§ Work instructions
Copy exactly. Include the line containing "今年第四期雜志雖然在全國市場", every line after it, and the last line below, but no pictures.

§ Source data
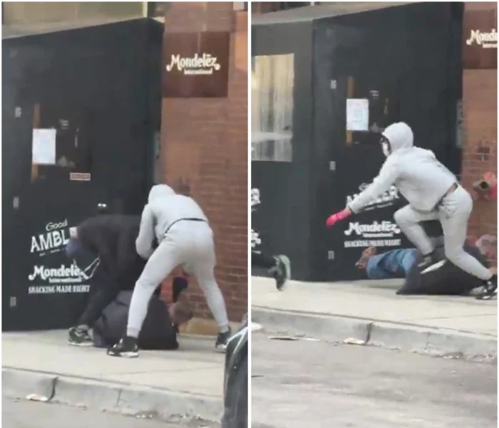 وأوضح الفيديو أن اثنين من اللصوص قاما بضرب رجل على الرصيف بعد أن أسقطاه أرضا.
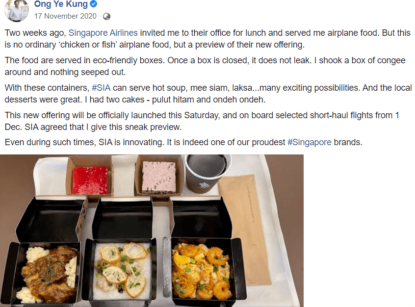 这个新加坡乘客后来发送邮件调查表向新航提供了第一餐的负面反馈。
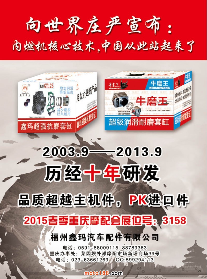 今年第四期雜志雖然在全國市場都有發(fā)行,一些不在市場的地區(qū)商戶除了通過www.moto188.com網(wǎng)站閱讀,也可到我們展位直接領(lǐng)取。由于本期雜志需要宣傳的企業(yè)較多,原來的摩托車及電動(dòng)車行業(yè)的資訊的內(nèi)容,順延到下一期發(fā)布。
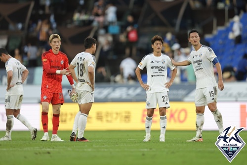 (写真提供=韓国プロサッカー連盟)光州戦で敗れ、肩を落とす蔚山の選手たち
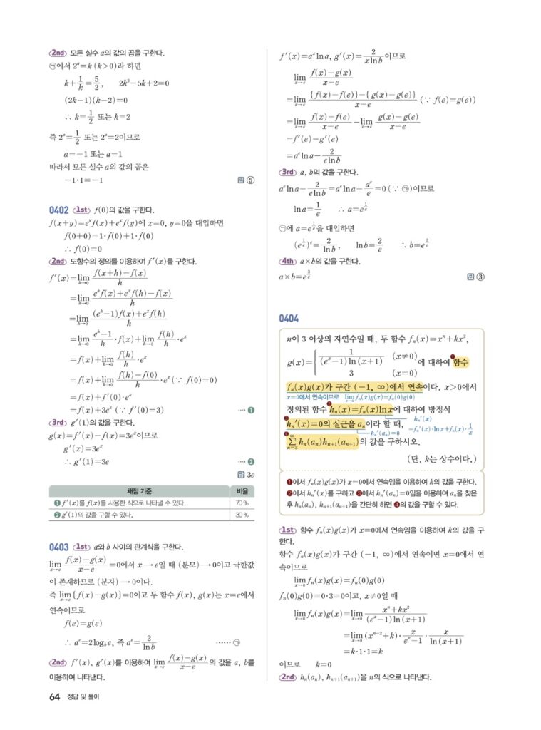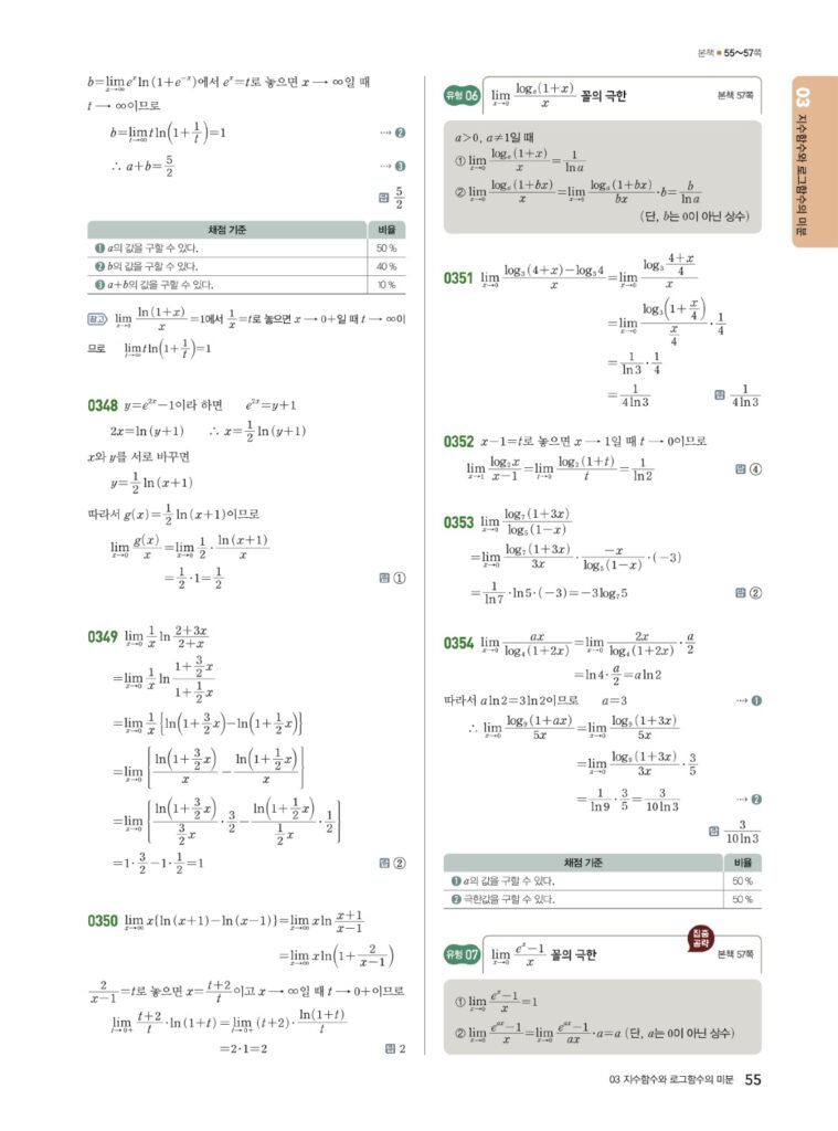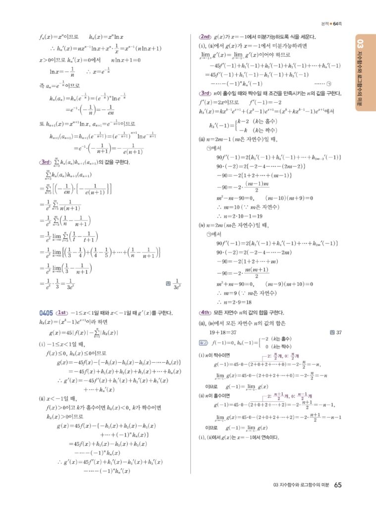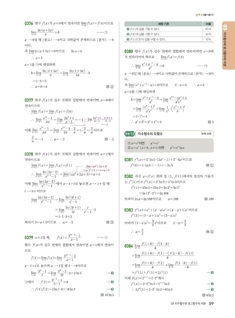 쎈 미적분2 03. 지수함수와 로그함수의 미분 답지

§ Response to this exercise
 今年第四期雜志雖然在全國市場都有發(fā)行,一些不在市場的地區(qū)商戶除了通過www.moto188.com網(wǎng)站閱讀,也可到我們展位直接領(lǐng)取。由于本期雜志需要宣傳的企業(yè)較多,原來的摩托車及電動(dòng)車行業(yè)的資訊的內(nèi)容,順延到下一期發(fā)布。
 (写真提供=韓国プロサッカー連盟)光州戦で敗れ、肩を落とす蔚山の選手たち
 쎈 미적분2 03. 지수함수와 로그함수의 미분 답지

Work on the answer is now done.